Der Irak wird selbst von einem Bürgerkrieg erschüttert. Trotzdem hat er 245 000 Flüchtlinge aufgenommen. Die meisten von ihnen sind Kurden, die in die von ihren Stammesverwandten bewohnten Gegenden im Nordirak gezogen sind. Zehntausende hausen in Zeltstädten oder eilig aus dem Boden gestampften Baracken. Die Regierung der weitgehend autonomen Kurdenregion im Irak erlaubt den Flüchtlingen eine große Freizügigkeit. Einige haben Arbeit und Wohnungen in Städten gefunden.

Ägypten

Die Regierung in Kairo geht nach eigenen Angaben von 136 000 Bürgerkriegsflüchtlingen aus. Doch selbst Beamte schätzen, dass hunderttausende Syrer im Land leben, die nicht registriert sind.

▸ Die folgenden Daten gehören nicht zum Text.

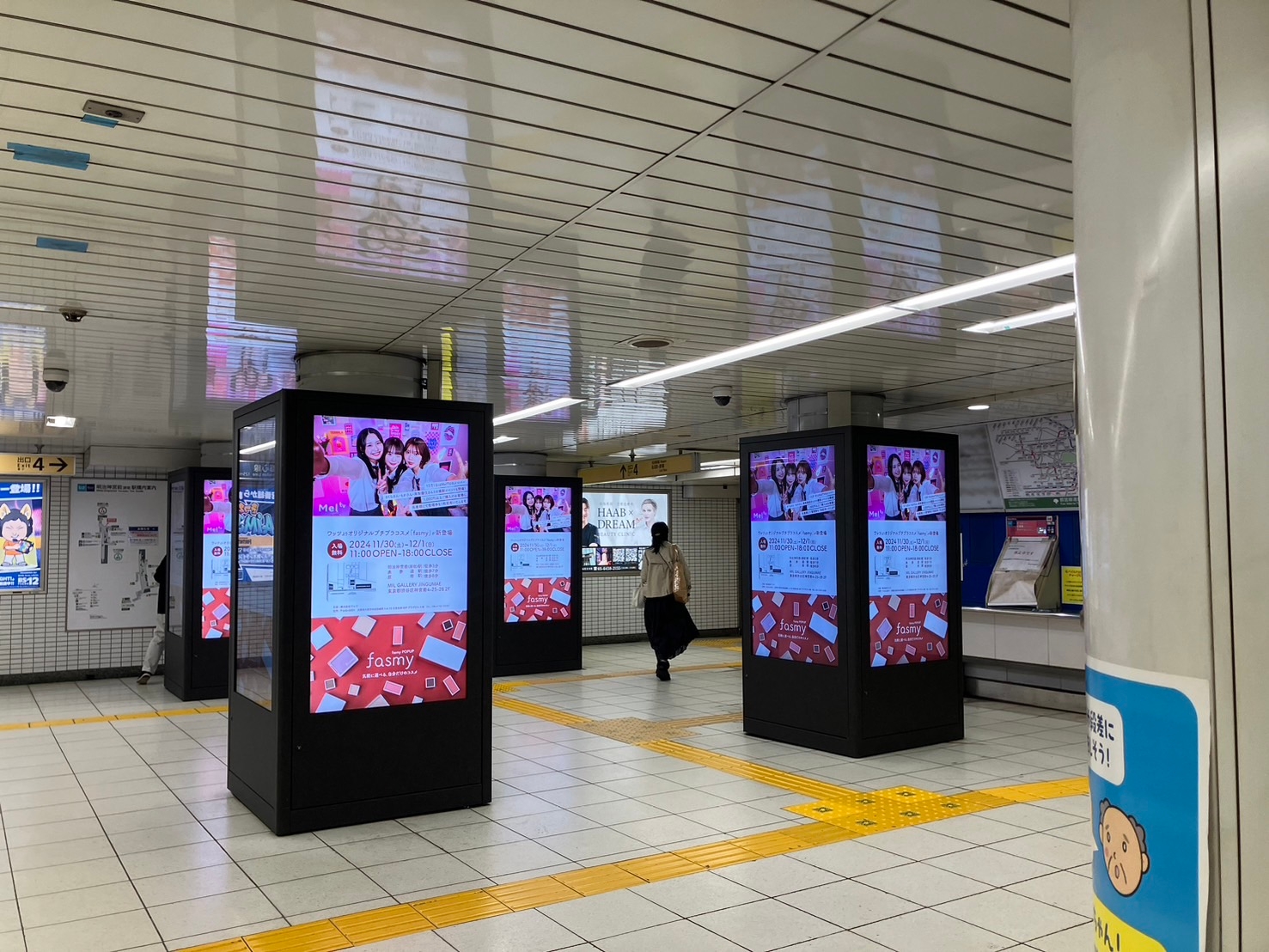 11月1日から一ヶ月間限定で「fasmy POPUP」開催を告知したデジタル広告を、東京メトロの明治院宮前駅の構内サイネージに掲載しております。ぜひ、お立ち寄りください!

Zuvor hatten die Präsidenten der USA und Russlands, Barack Obama und Wladimir Putin, sich über genau diese Frage gestritten. „Wir sind bereit, mit jedem zu reden, auch mit Russland und dem Iran“, sagte Obama. „Aber nach so viel Blutvergießen und Gemetzel können wir nicht einfach zum Status quo zurückkehren.“

Wenn ein Diktator Zehntausende seines eigenen Volkes ermorde, sei das keine innere Angelegenheit mehr. Putin hatte hingegen gesagt: „Es ist ein großer Fehler, die syrische Regierung und ihre Armee infrage zu stellen. Sie kämpfen wahrhaft gegen die Bedrohung durch islamistische Terroristen.“

In der Flüchtlingskrise forderte Tusk vor der Vollversammlung der 193 Uno-Staaten weltweite Hilfe. „Diese Krise hat eine globale Dimension. Und deshalb braucht sie auch eine globale Lösung. Jede Hilfe ist willkommen.“ Er fügte an, dass die Welt auf Europa zählen könne: „So schwierig die Situation ist; wir werden diese Krise lösen, und die Welt wird danach ein besserer Platz sein.“ Isolierung sei nie und werde nie eine Option für Europa sein.